Social protection helps reduce child labor (ILO / UNICEF)

The role of social protection in the abolition of child labor: review of evidence and policy implications, presents results from a series of studies conducted since 2010 that show how social protection – by helping families cope with financial or health shocks – reduces child labor and facilitates schooling.

However, too little progress has been made in ensuring that all children benefit from social protection, the study says. Worldwide, 73.6%, or about 1.5 billion children aged 0 to 14, receive no family benefits or cash benefits. The report indicates that this important protection hole needs to be filled as soon as possible.

“There are many reasons to invest in universal social protection, but eliminating child labor must be one of the most compelling given its devastating impact on children’s rights and welfare,” said Guy Ryder, Director-General of the ILO. .

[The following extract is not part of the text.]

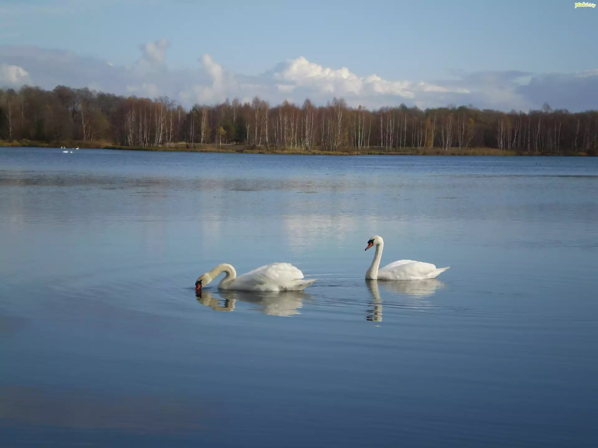 Dwa, Łabędzie nieme, Jezioro, Drzewa
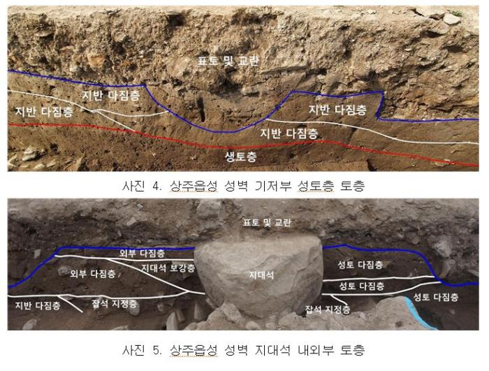 조사 대상지가 일제 강점기(1913년)에 제작된 지적도에 성도(城道)로 표시된 부분에 해당함을 현재 지적도와의 비교를 통해 확인했고, 바로 이 자리가 상주읍성의 북동쪽 성벽임을 이번 발굴조사를 통해 밝혀냈다.

Governments have a number of policies they can implement to promote social protection. Unless policy makers act decisively, the Covid-19 pandemic, ongoing conflicts, growing poverty and climate change will only increase the prevalence of child labor, the study says.

More than 160 million children worldwide, or 1 in 10 children aged 5 to 17, are still engaged in child labor, and progress has stalled since 2016. These trends were already present before the Covid-19 crisis. It is estimated that without mitigation strategies, the number of child workers could increase by 8.9 million by the end of 2022 due to increased poverty and vulnerability.

Investment in universal social protection

To strengthen the social protection systems for the prevention and abolition of child labor, the report makes a number of recommendations:

  • Closure of social security coverage for children.

This requires prioritizing child benefits as well as expanding the social protection of the two billion workers in the informal economy, in order to support their transition from the informal to the formal economy.

There are many reasons to invest in universal social protection, but removing child labor is one of the most compelling, Guy Ryder, ILO Director-General

  • Building integrated social protection systems.

Child labor could be reduced if countries have a social protection system that provides adequate benefits across the life cycle, from child and family benefits to old-age pensions and maternity benefits and unemployment as well as health protection.

  • Ensure that the design of social protection programs is inclusive and takes into account child labor in order to optimize child labor reduction programs.

This involves i.a. the establishment of child allowances for all households with children, in particular those in situations of greater vulnerability; facilitate the receipt of social security benefits for those caring for children by simplifying the registration procedures; and increase investment in high-quality universal basic education and other vital social services for children.

  • Build on the strong political commitment that already exists to end child labor and establish universal social protection to create consensus on action.

The Agenda for Sustainable Development, the strong consensus adopted by the International Labor Conference in 2021, and the results of the Durban Conference on Child Labor can help coordinate international initiatives.

  • Promote investment in social protection systems as a driving force for development.